Redux now has around two million subscribers --a million of them in the last 18 months, says James Shrake, director of market development.

The company worked to make the machine simple enough it didn’t take smartphone sales people a lot of training to understand it. Owners of smartphone stores want their sales staff selling phones.

The speed of the process itself can’t be sped up. “We can’t do it any faster than it takes to boil water,” says Zielinski.
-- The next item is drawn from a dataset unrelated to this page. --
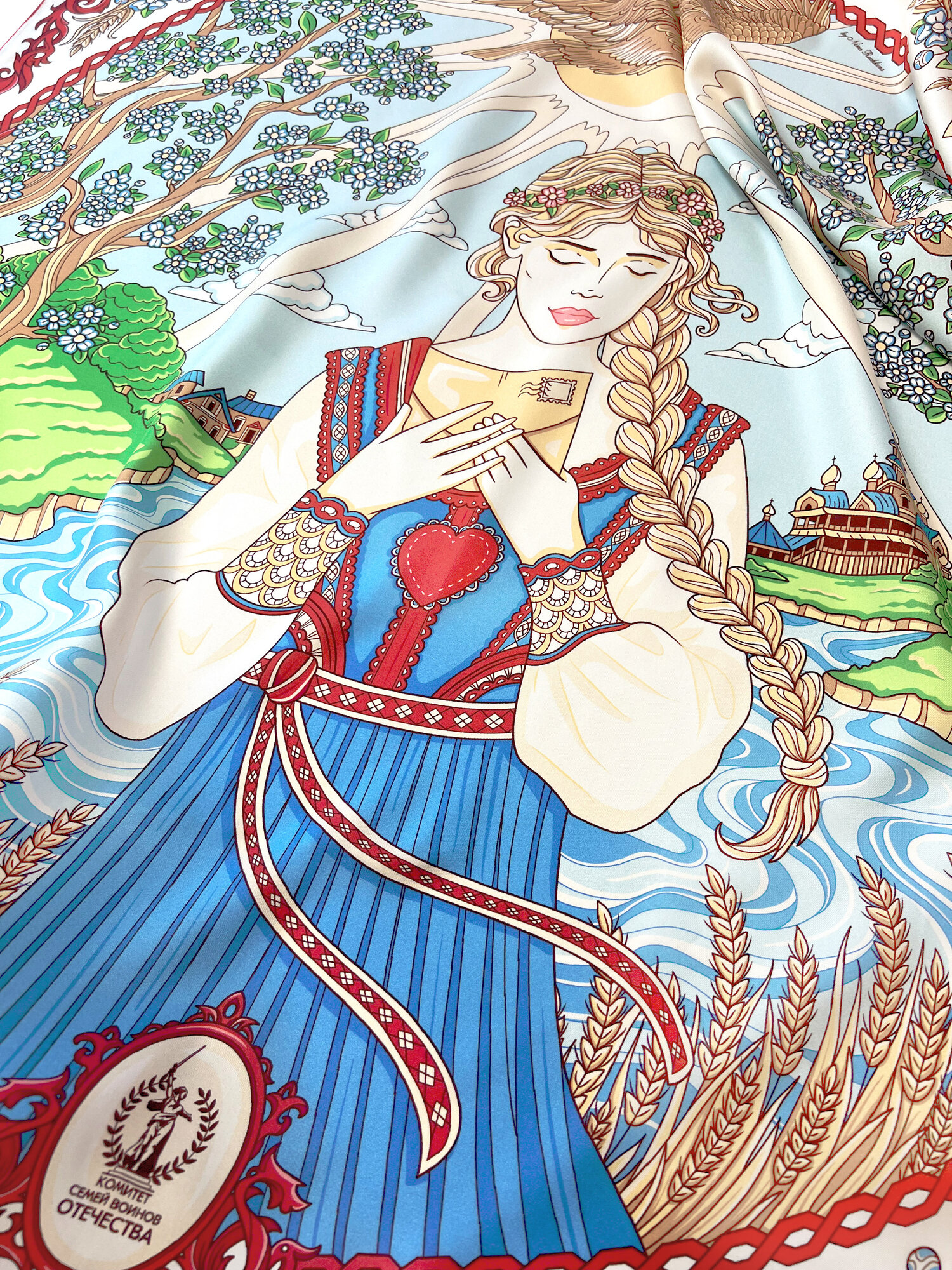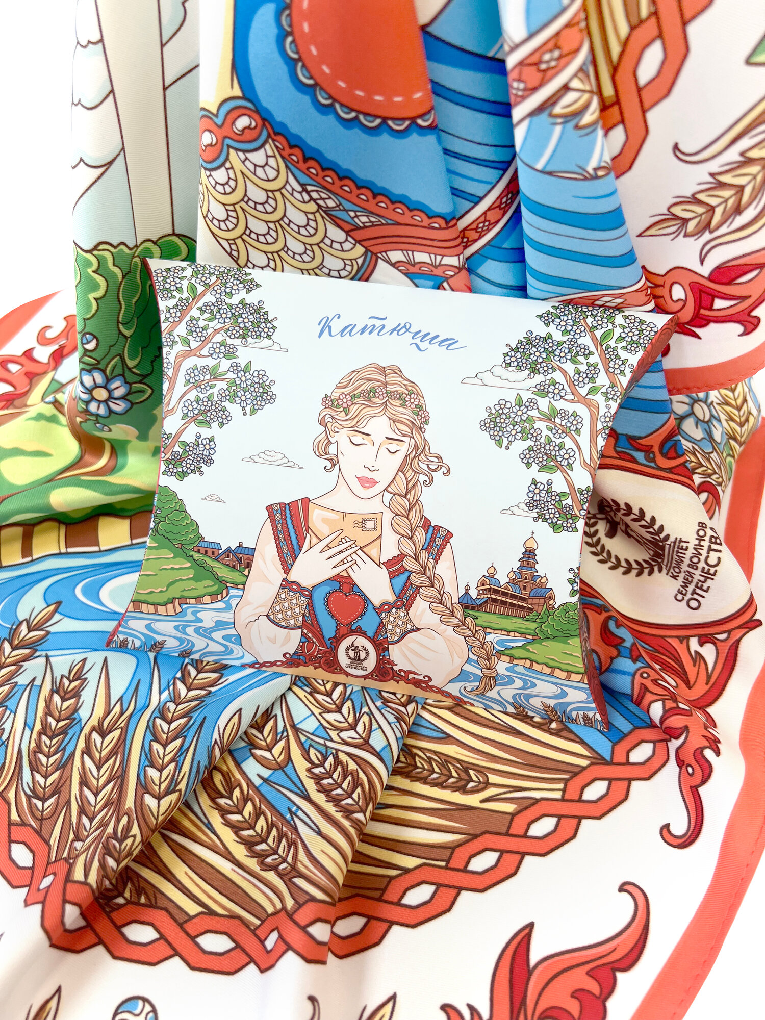 Платок Русские в моде by Nina Ruchkina Победа для девочек и женщин,90х90 см, белый, красный, голубой интересное:
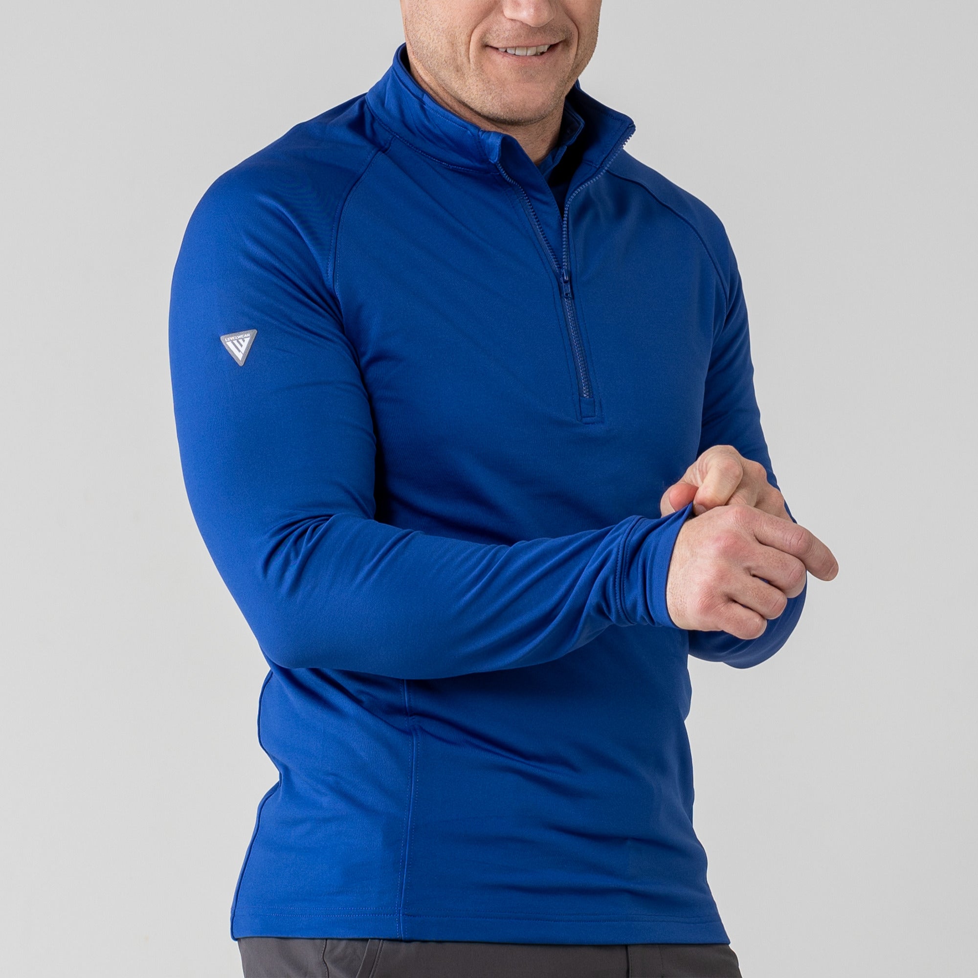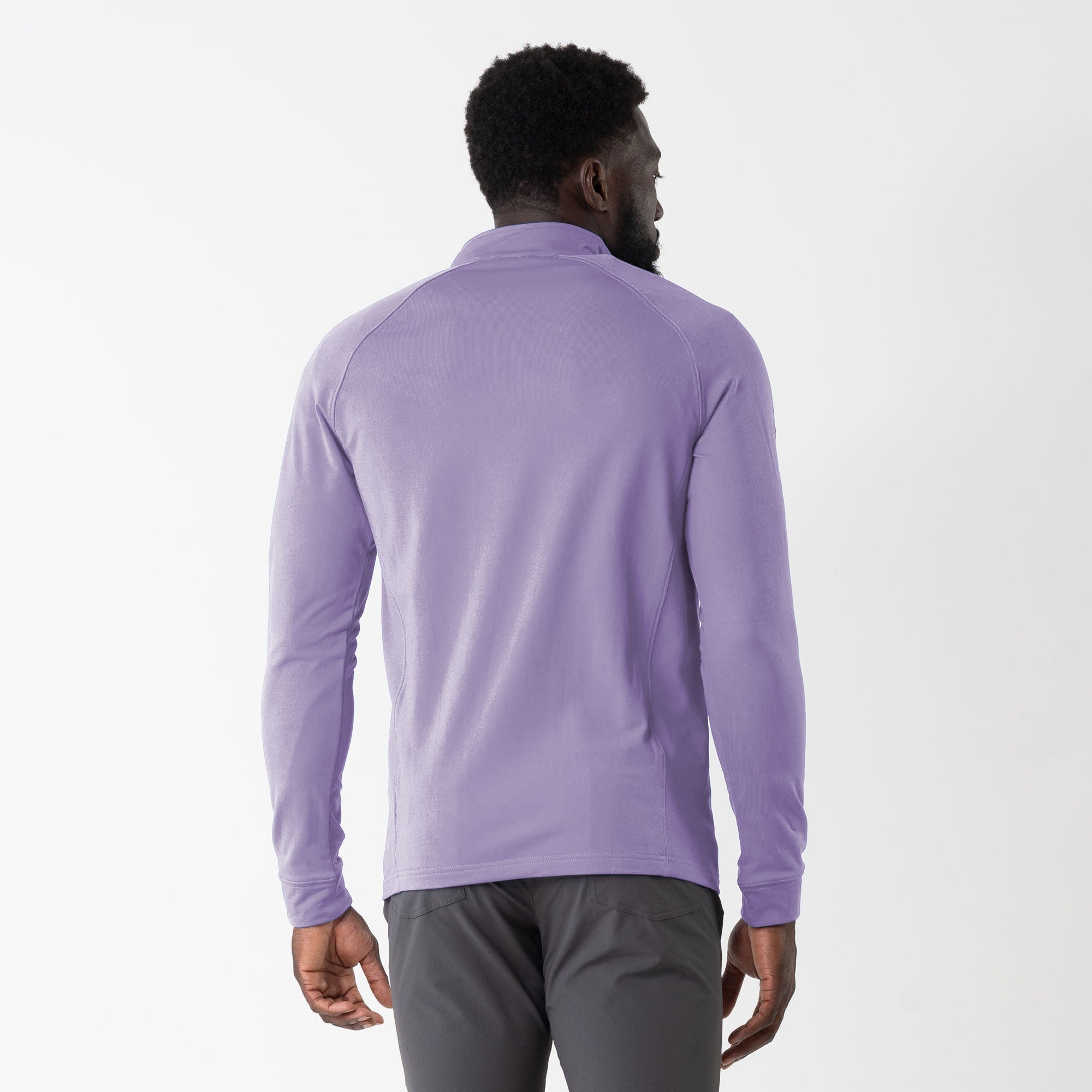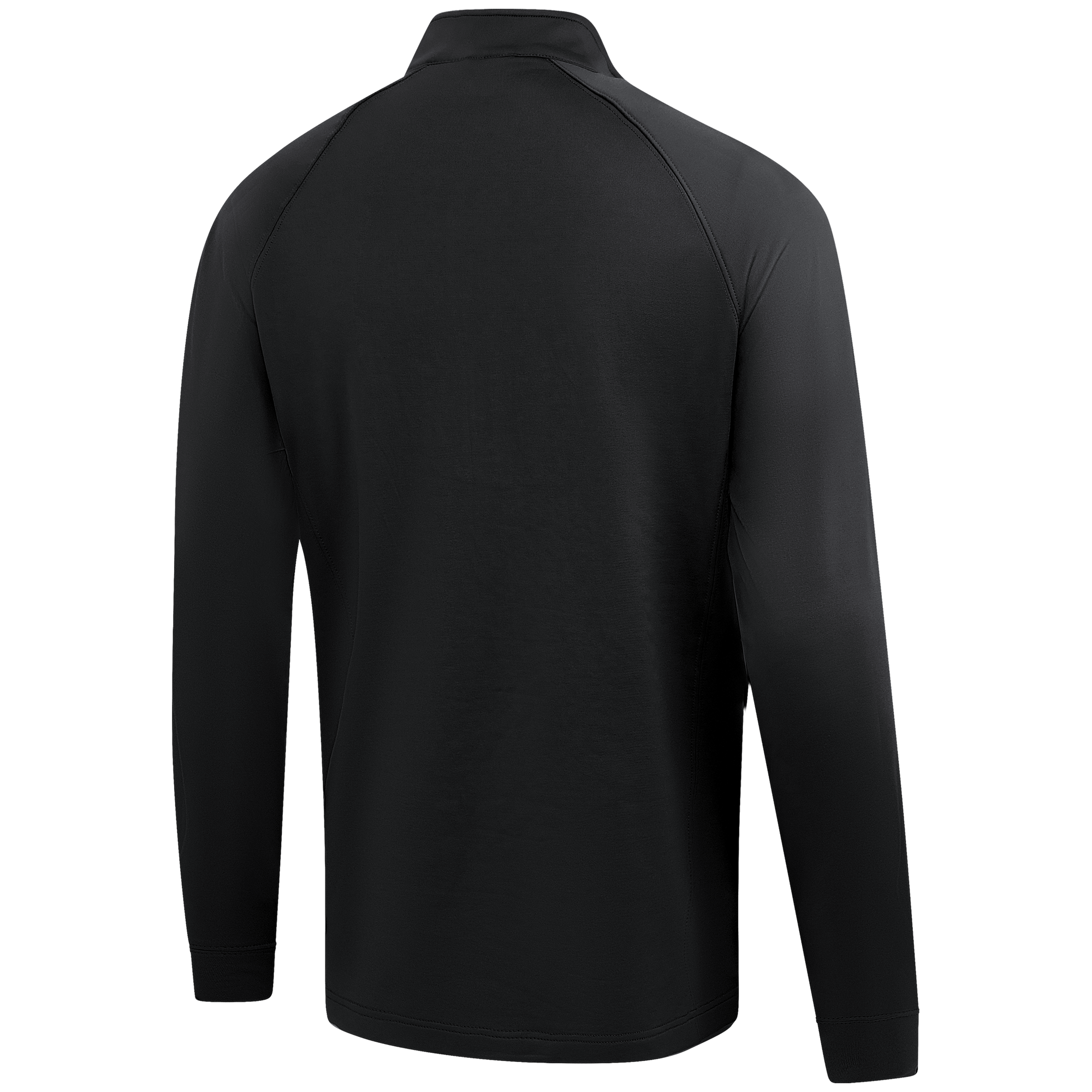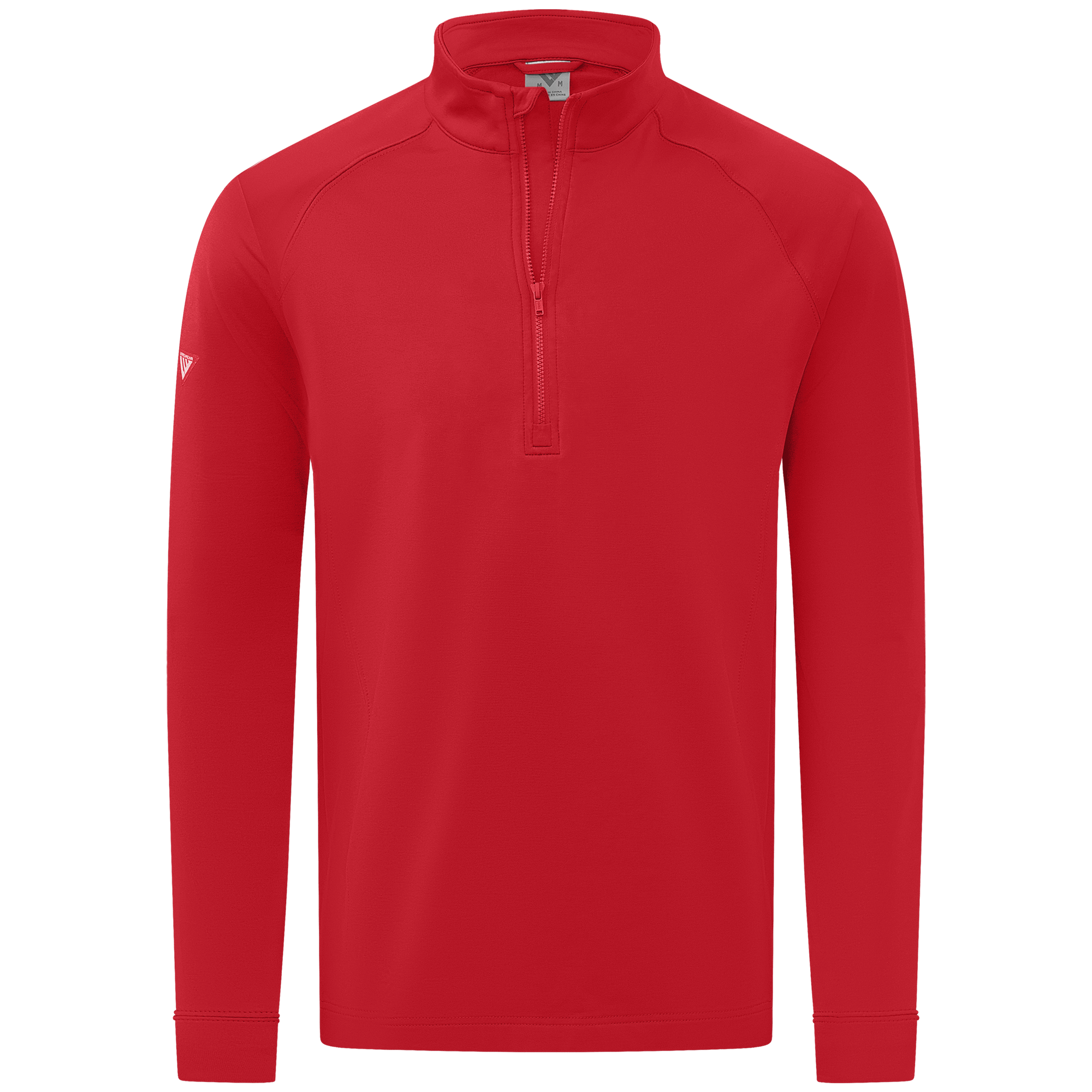 Experience the unexpected warmth of the Calibre mid-layer, a men's mid-weight quarter-zip pullover that combines enhanced functionality with refined simplicity. This garment features a mock neck topped with a durable vislon zipper and is crafted with raglan sleeves to facilitate unrestricted movement. The interior is brushed for a supremely comfortable feel. It is tailored with banded cuffs for a snug fit, engineered side panels for a streamlined look, and underarm perforated venting holes for optimal breathability, ensuring that it keeps you warm without sacrificing comfort or mobility.

Adds Shrake, “We haven’t seen anyone complain so far about the time it takes, because there’s not any other solution that gives same-day recovery.”

The pool of mistake-prone consumers seems assured, and ever-expanding. Shrake also mentions some other devices that accidentally get wet, with disastrous and expensive consequences: hearing aids, automotive remote control units, cameras, medical devices.

Zielinski just imagines all the gaming enthusiasts who might need rescuing.  And what about putting units on college campuses? Or letting companies lease a unit so employees could save their phones -- and laptops -- when accidents happen?  So they're working on a larger laptop-sized unit.

But next step seems to be expanding to all those stores that sell AT&T, T-Mobile, Sprint and other cell phone brands.  The Verizon authorized resellers got a such a strong foothold because the owner of Cellular Connection, a big Verizon dealer, invested in Redux.

“We’ve got several trials going on,” Zielinski saiys. “We’re very prepared to produce a lot of these things very quickly" -- and, he notes, Redux products are also built in this country. “That was really important to us.”